_What to work on:_ With the pictures left out, copy the listing below exactly.

[[ Given material, beginning ]]

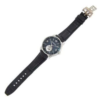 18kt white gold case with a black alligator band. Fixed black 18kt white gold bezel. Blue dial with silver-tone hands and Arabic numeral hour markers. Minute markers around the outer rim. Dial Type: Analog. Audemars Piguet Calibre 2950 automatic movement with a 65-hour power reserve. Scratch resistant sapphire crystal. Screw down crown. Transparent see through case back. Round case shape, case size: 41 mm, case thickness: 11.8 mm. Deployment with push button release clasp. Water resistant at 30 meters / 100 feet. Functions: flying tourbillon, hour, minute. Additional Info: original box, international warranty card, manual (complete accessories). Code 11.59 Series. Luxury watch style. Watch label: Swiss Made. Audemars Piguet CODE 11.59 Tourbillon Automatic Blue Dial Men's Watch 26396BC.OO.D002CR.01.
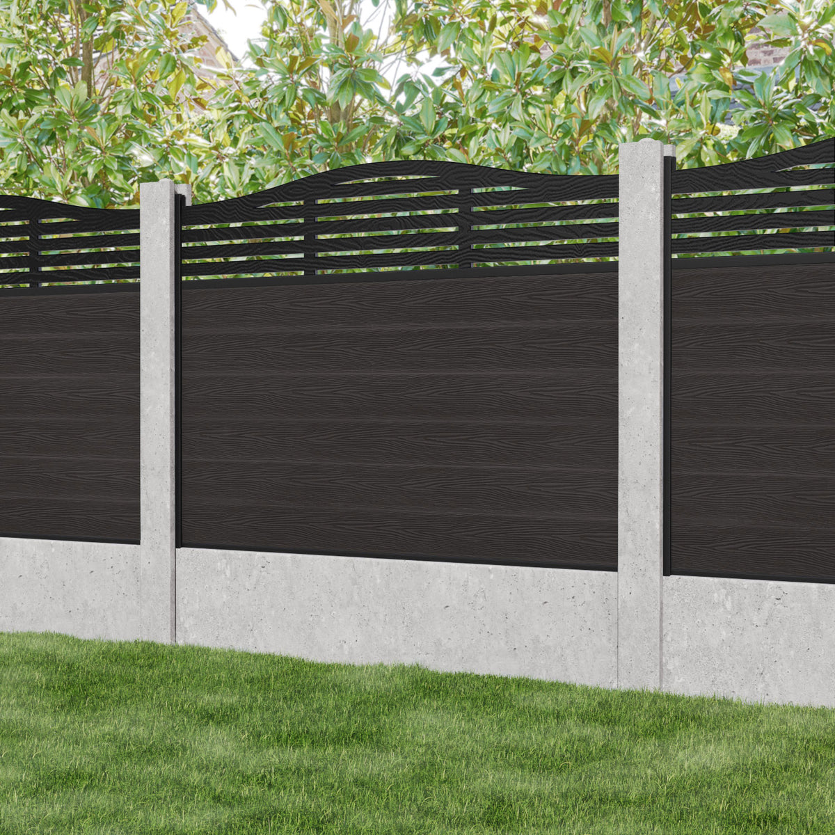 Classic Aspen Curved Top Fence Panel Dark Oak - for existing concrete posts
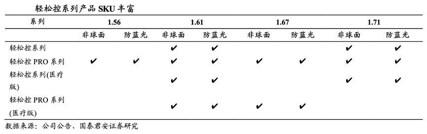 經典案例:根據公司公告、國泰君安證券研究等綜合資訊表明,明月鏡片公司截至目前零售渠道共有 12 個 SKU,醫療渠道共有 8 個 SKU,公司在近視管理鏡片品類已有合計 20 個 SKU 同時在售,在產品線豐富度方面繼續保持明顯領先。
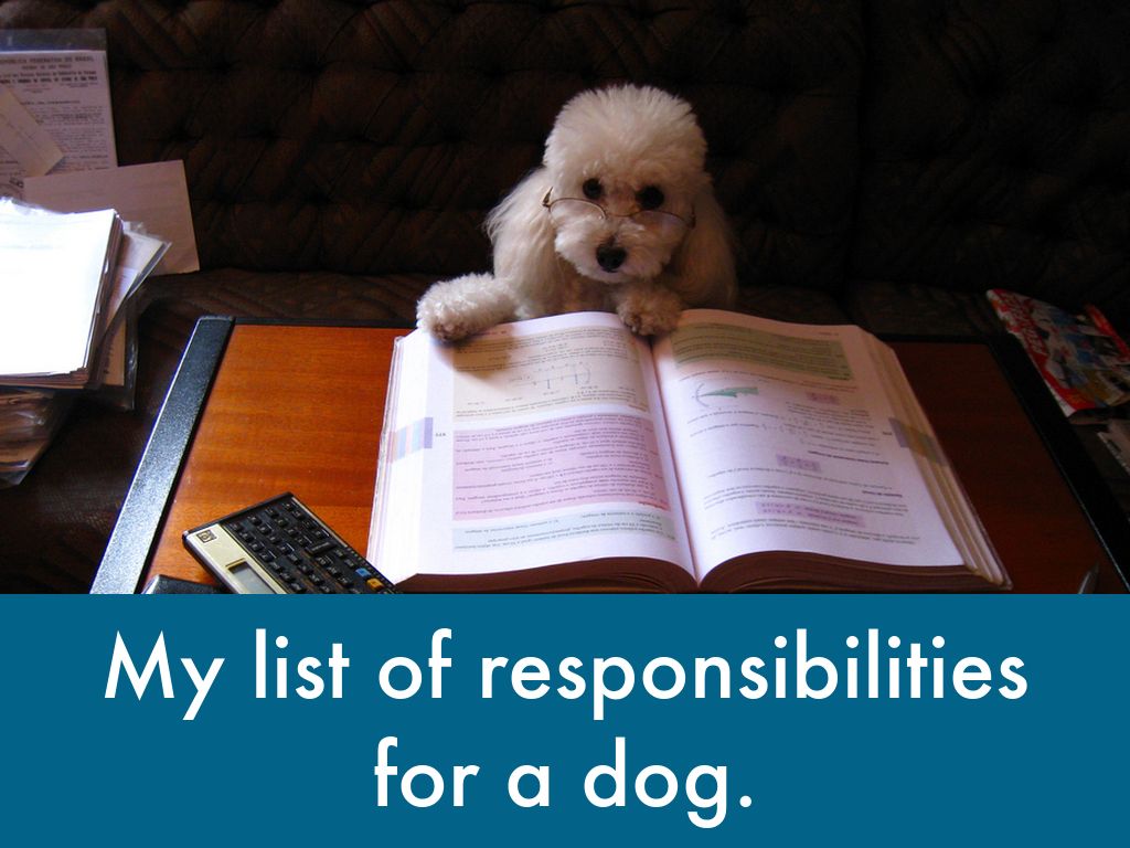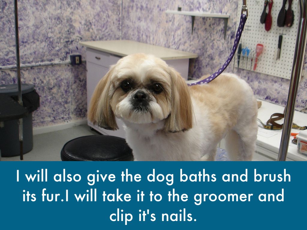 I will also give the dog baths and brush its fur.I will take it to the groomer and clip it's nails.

[[ Given material, end ]]

_Exercise output:_
 18kt white gold case with a black alligator band. Fixed black 18kt white gold bezel. Blue dial with silver-tone hands and Arabic numeral hour markers. Minute markers around the outer rim. Dial Type: Analog. Audemars Piguet Calibre 2950 automatic movement with a 65-hour power reserve. Scratch resistant sapphire crystal. Screw down crown. Transparent see through case back. Round case shape, case size: 41 mm, case thickness: 11.8 mm. Deployment with push button release clasp. Water resistant at 30 meters / 100 feet. Functions: flying tourbillon, hour, minute. Additional Info: original box, international warranty card, manual (complete accessories). Code 11.59 Series. Luxury watch style. Watch label: Swiss Made. Audemars Piguet CODE 11.59 Tourbillon Automatic Blue Dial Men's Watch 26396BC.OO.D002CR.01.
 Classic Aspen Curved Top Fence Panel Dark Oak - for existing concrete posts
 經典案例:根據公司公告、國泰君安證券研究等綜合資訊表明,明月鏡片公司截至目前零售渠道共有 12 個 SKU,醫療渠道共有 8 個 SKU,公司在近視管理鏡片品類已有合計 20 個 SKU 同時在售,在產品線豐富度方面繼續保持明顯領先。
 I will also give the dog baths and brush its fur.I will take it to the groomer and clip it's nails.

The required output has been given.